Ah—once I clapped my untired hands with glee,
A happy child, to watch the gay sparks fly,
For Yule-tide claimed a welcome from me then!
The buried years are very deep entombed
'Neath snows of winter and dead summer flowers:
I look upon their graves with many tears.
Joy is too niggard of her precious gifts,
It must be thus within the weary world.
How long ago—how dreary long it seems,
This night of all nights, since I toyed with life!
Yon mirror shows a wan white face for mine—
Pale lips compressed in constant, stern resolve
To stifle the faint outcries of the heart
That yearns and yearns, yet makes no patent sign
To touch world-pity, and a few weak friends
With languid consolations for my grief.
These eyes have quite forgotten how to shine,
And were he here he could not call them fair.
Yea, were he here—oh! would they shine again,
As skies are lit with presence of the moon?
But, blind to brightness, they have scanned the ground,
Unchidden for their weeping, through the years.
On such a night as this we said farewell.—
He gave no signet troth of oath, or ring,
But yet he loved me with a deathless truth.
I—Muriel—the chosen,—felt it sure:
Ay, it was good to live with bliss so rare
Rocking me ever in fond Mother-arms!
My love, mine own, you took my lonely days
Into a Paradise to feel the sun
That in the midst of glory set apace.
Yet I was brave in parting; each hope strong
For any future—save the one that came.

"Some laurel leaves for bridal garland culled
I'm fain to bring you when I come once more.
Dear, I have toil before me, and must pause
At words my soul would utter—yet I go
Glad in my faith in you and womanhood."—
Yes! Reginald was earnest when he spoke;
I know my love spake truly, but—O God!—
He calls another by the name of "wife."
Ah, when I heard the news youth drooped and died,
Death-stricken by the fierceness of my woe.

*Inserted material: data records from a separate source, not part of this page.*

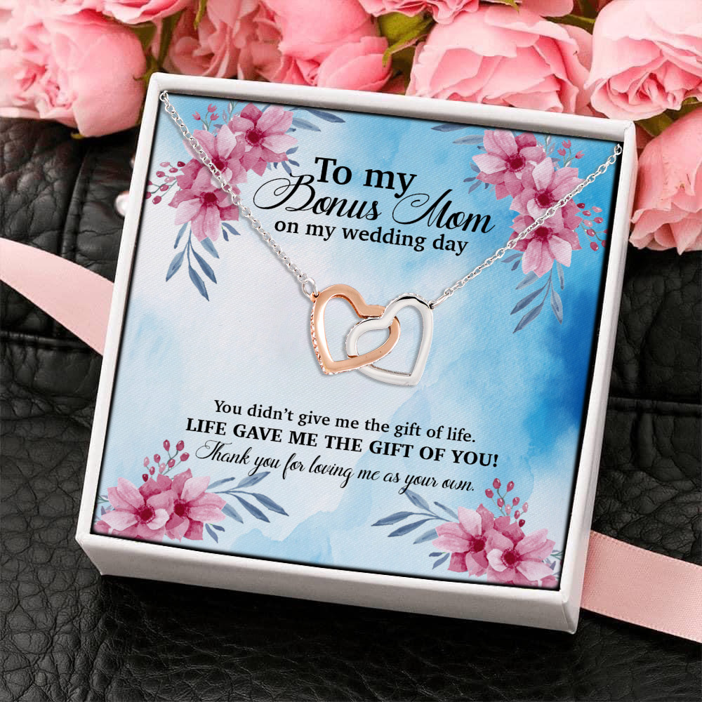 Let’s Shop To My Bonus Mom On My Wedding Day You Didn’t Give Me The Gift Of Life Interlocking Hearts Pendant Necklace!
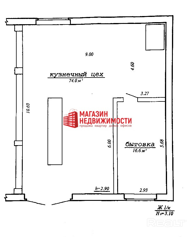 Помещение состоит из кузнечного цеха площадью 74, 0 м. кв. и бытовки площадью 16,6 м. кв.
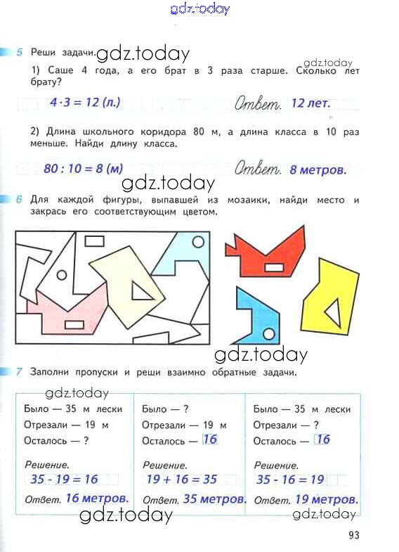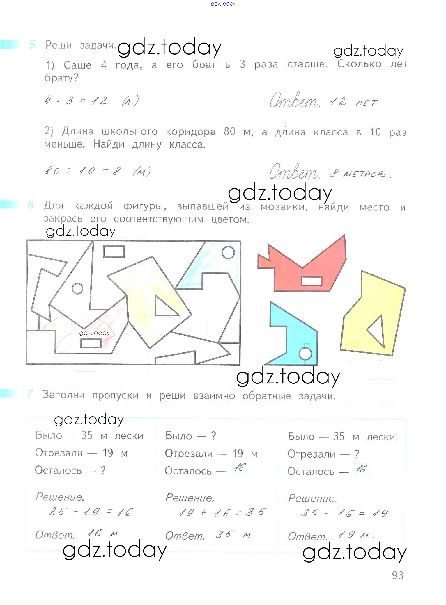 Ответы к Решение к части 2. Страницы 93 Рабочей тетради по Математике для 2 класса Дорофеев, Миракова Просвещение Перспектива 2015

Still, Reginald, I gave you faith with love
And never wronged you in that agony,
And after death, when all the soul-mists fade,
Changing to glories, I may see your face
Beam on me in a holy calm of joy,
And learn why we were severed, left to life.

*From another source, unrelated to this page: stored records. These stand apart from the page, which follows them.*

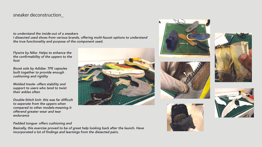 To understand the inside-out of the sneakers, I dissected used shoes from various brands to learn the functionality of each element.
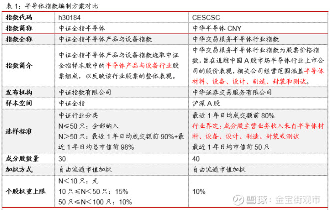 目前我是比较看好半导体方向的,正是风口,细分产业清晰。两只半导体指数,中华半导体CNY指数(对应半导体50ETF)成分股数量更多(仍不足50只)。
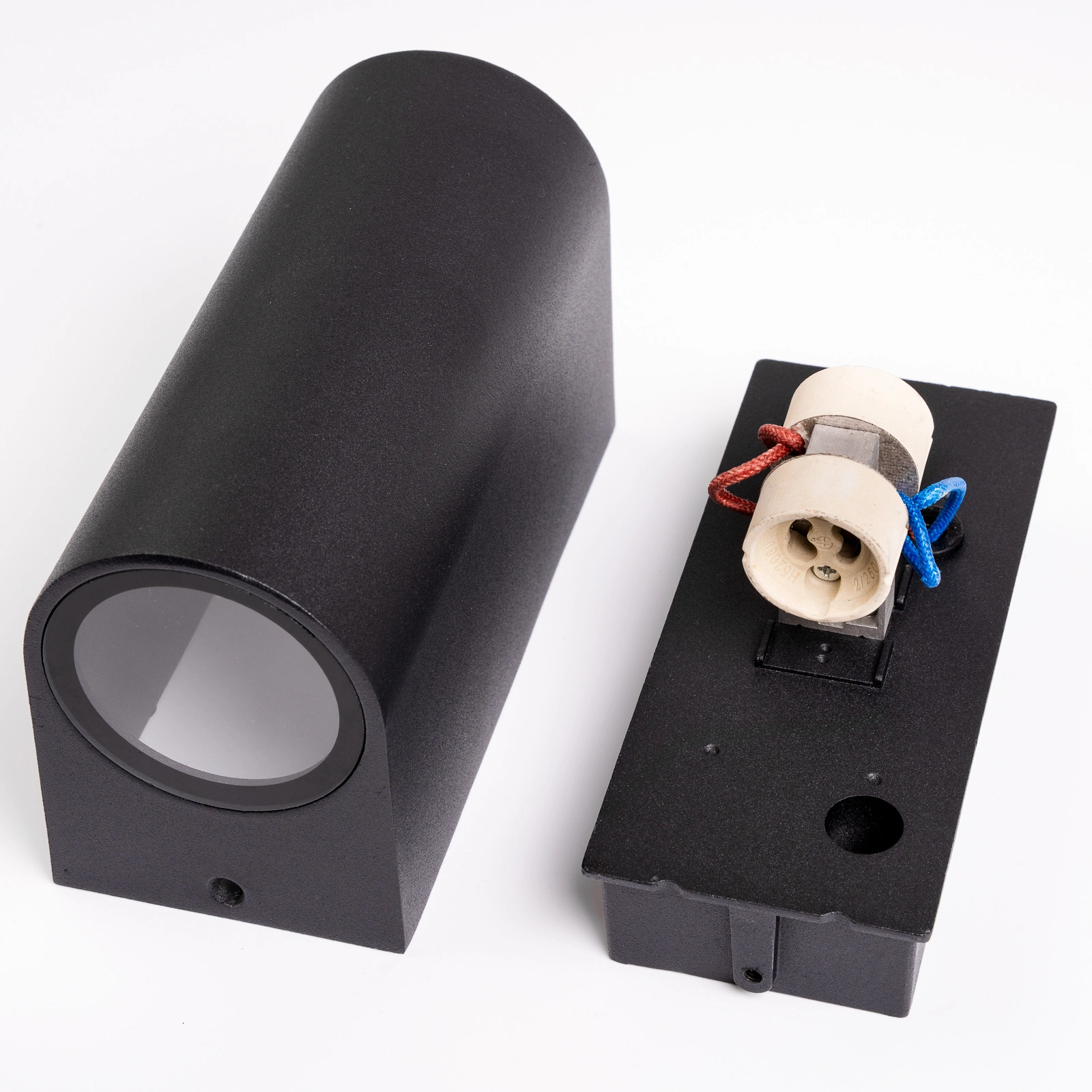 Die Leuchte ist mit einem gängigen 2x GU10-Schraubsockel ausgestattet, so dass man je nach Bedarf zwischen LED- und herkömmlichen Glühbirnen mit der entsprechenden Wattzahl und Farbe wählen kann. Die maximale Wattzahl der Lichtquelle darf 12W nicht überschreiten.
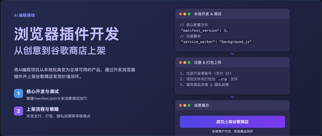 说实话,开发的东西如果只在本地跑,那永远只是个玩具。真正的落地闭环,是把它发布出去,让全世界的用户都能用上。 对我们这些开发者来说,最直接的路径就是:开发浏览器插件,上架谷歌商店。

For I do think the help-meet at your side
Was linked by chain of duty to your lot,
She was your ward, but scanty wealth was hers,
Impulsive, vain, and very beautiful.
Stern rumour said she gave her love to you
Unasked—unsought, and lost her pride of race
To follow you, the time you went to Rome,
Meeting insult, and scorn upon the way.
You married her, and saved her from the world,
And now the self-same rumour hisses out
In serpent whispers, that her fancy's o'er,
The Lady Maud regrets her luckless step,
And murmurs that she did mistake for love
An idle glamour of romantic youth.
This rumour may be false, I question not
What e'er should be concealed from worldly ken,
And am content to trust you, Reginald.
I know you only great, and grand, and pure,
I love you as the noblest work of God;
Enshrined for me to honour in my soul!
My happiness I owe you, and my tears,
And now I cannot separate the twain
That share my lot between them till I die.

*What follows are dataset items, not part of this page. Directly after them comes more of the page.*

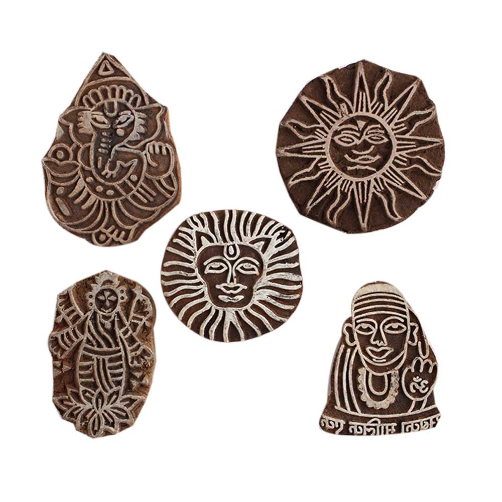 Set of 5 Piece New Mix Wooden Printing Block. Ideal for Using on Fabric, Paper, Canvas, etc. These Blocks can be use to Print with Oil Colors, Fabric Colors, Water Colors, Acrylic Colors and Vegetable Colors.
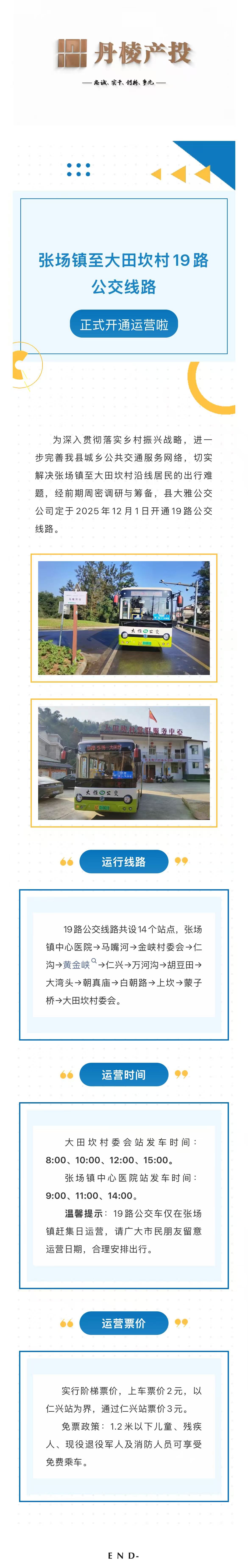 張場(chǎng)鎮(zhèn)至大田坎村19路公交線路正式開(kāi)通運(yùn)營(yíng)啦!
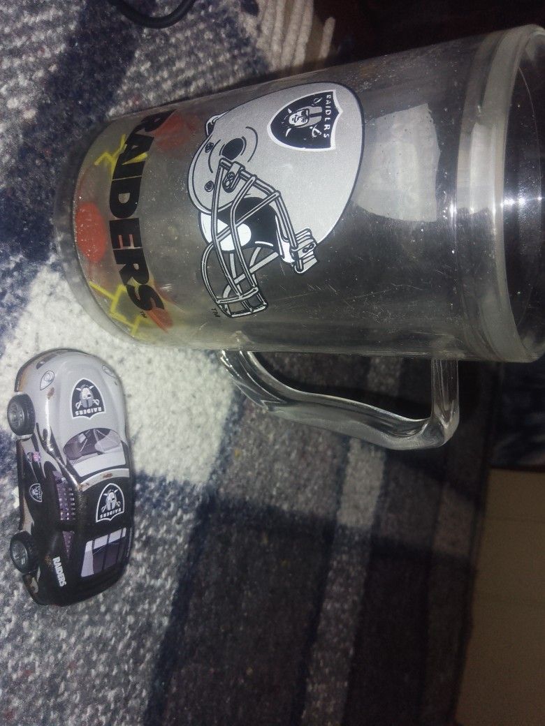 Vintage Oakland Raiders Duck House brand mug has liquid & glitter inside its a bit chipped shown on last photos also comes with a small vintage toy car take both for 5$ pickup in Tulare

P'shaw, Muriel! you're weak indeed to night
To weep such scalding drops, and cry aloud
As if the dark could bear your voice afar
And draw him towards you for one moment's space.
The wild wind ceases sobbing with a sigh
(A mocking echo of the sigh I breathed.)
Ten long years since our parting passed full slow,
Your broad white forehead then was very smooth—
Ah! Love, you were face-eloquent as truth!
Such wondrous eyes you had—rich chestnut brown,
Soul lit to radiance, that with depth of shade
Sunk into lustrous sadness, or arose
Aflash with splendours when you smiled, or spoke;
And these dark eyes were closed, as jewels rare,
In lids a sculptors' hand were fain to carve.
O Eyes beloved, are ye dreamy now,
Or sadder than I knew ye often-times?
I shall not falter from your gaze again
That told me of high love in perfect speech;
And there hath fallen silence on my life
Because no tender voice says "Muriel,
My Muriel, God made your love for mine."
Not a slight trick of gesture—not a curve
Of brow or mouth but memory doth paint
In vivid colours for my starved sight:
So I must wail above my precious dead
Just this to-night—to morrow brings fresh cares,
And sordid cares they are, for I am poor,
Striving on daily for what price they give
For verses and life-histories I weave.
Jarvis, my trusty servant, and old Joan
From childhood have been with me, so my skill
Must gain us livelihood and comfort's cheer.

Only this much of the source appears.